Bank of Japan Monetary Policy Decision: September 2025

The Bank of Japan kept its policy rate at “around 0.5%” in September 2025 and confirmed plans to sell ETFs and J-REITs in line with its disposal principles, aiming to avoid market disruption.

  • The decision passed by a 7–2 majority for the rate stance, while the vote on ETF and J-REIT sales was unanimous.

  • Japan’s economy is recovering moderately, supported by resilient private consumption and solid corporate profits, though tariffs have weighed on manufacturing and exports.

  • Business fixed investment continues to trend upward, while housing investment remains weak and public investment is largely flat.

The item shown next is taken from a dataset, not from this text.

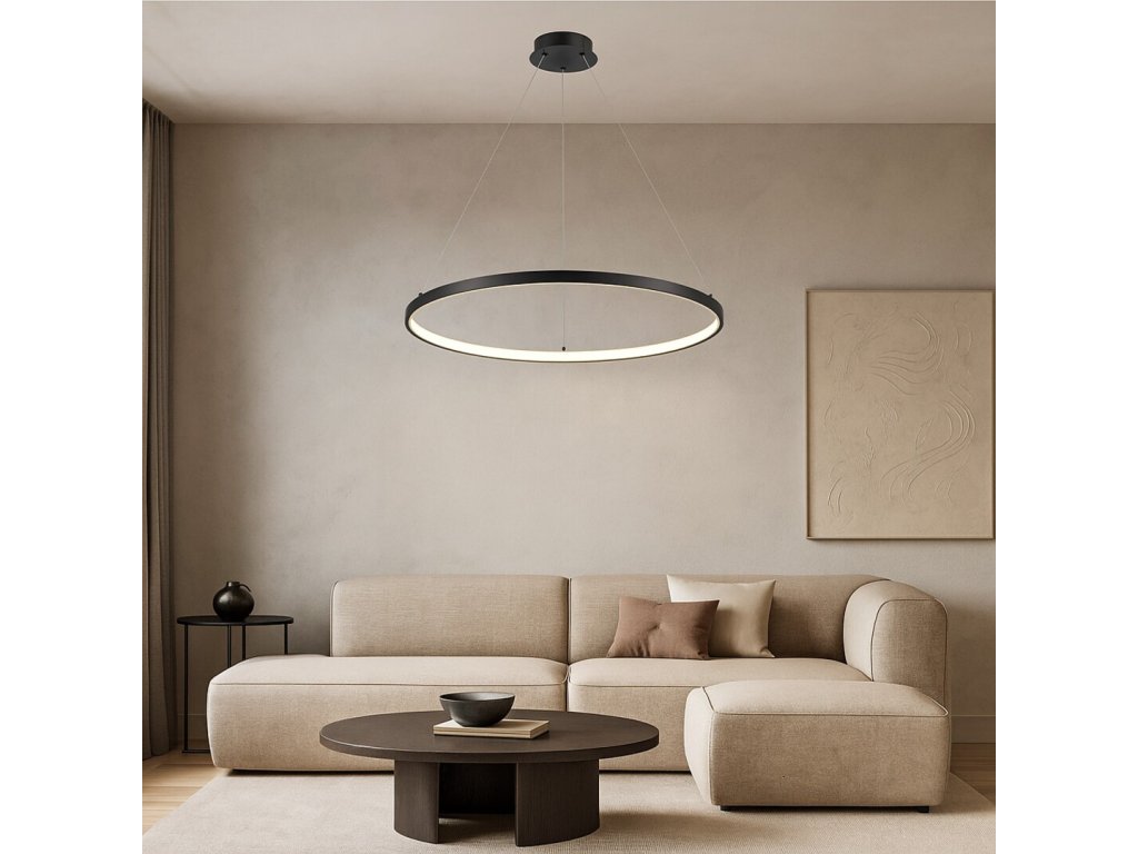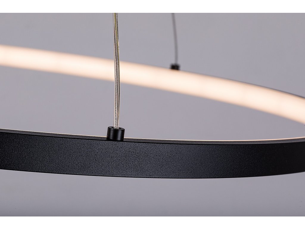 Závěsné LED svítidlo Beliza osloví čistým a nadčasovým designem, který se přirozeně uplatní v moderních i minimalisticky laděných interiérech. Dominantním prvkem svítidla je tenký kruhový profil z kovu v elegantní černé barvě, jehož vnitřní obvod je osazen bílým silikonovým stínidlem. To zajišťuje rovnoměrné rozptýlení světla po celé ploše kruhu a vytváří příjemný, neoslňující světelný efekt. Svítidlo je zavěšeno na kovových lankách ve stříbrném provedení, která podtrhují jeho lehký a vzdušný vzhled a umožňují estetické začlenění do prostoru.

  • CPI (ex fresh food) is running between 2.5–3.0% YoY, driven by rising food costs and wage pass-through, while inflation expectations are edging higher.

  • The BoJ expects growth to slow in the near term due to global trade policies and weaker overseas economies but to gradually improve later as external demand recovers.

  • Underlying inflation is likely to soften in the near term before gradually rising, supported by labor shortages and higher inflation expectations, with CPI expected to align with the 2% target in the latter half of the projection period.

  • Risks remain elevated, particularly around global trade and policy developments, which could significantly impact growth, prices, and financial markets.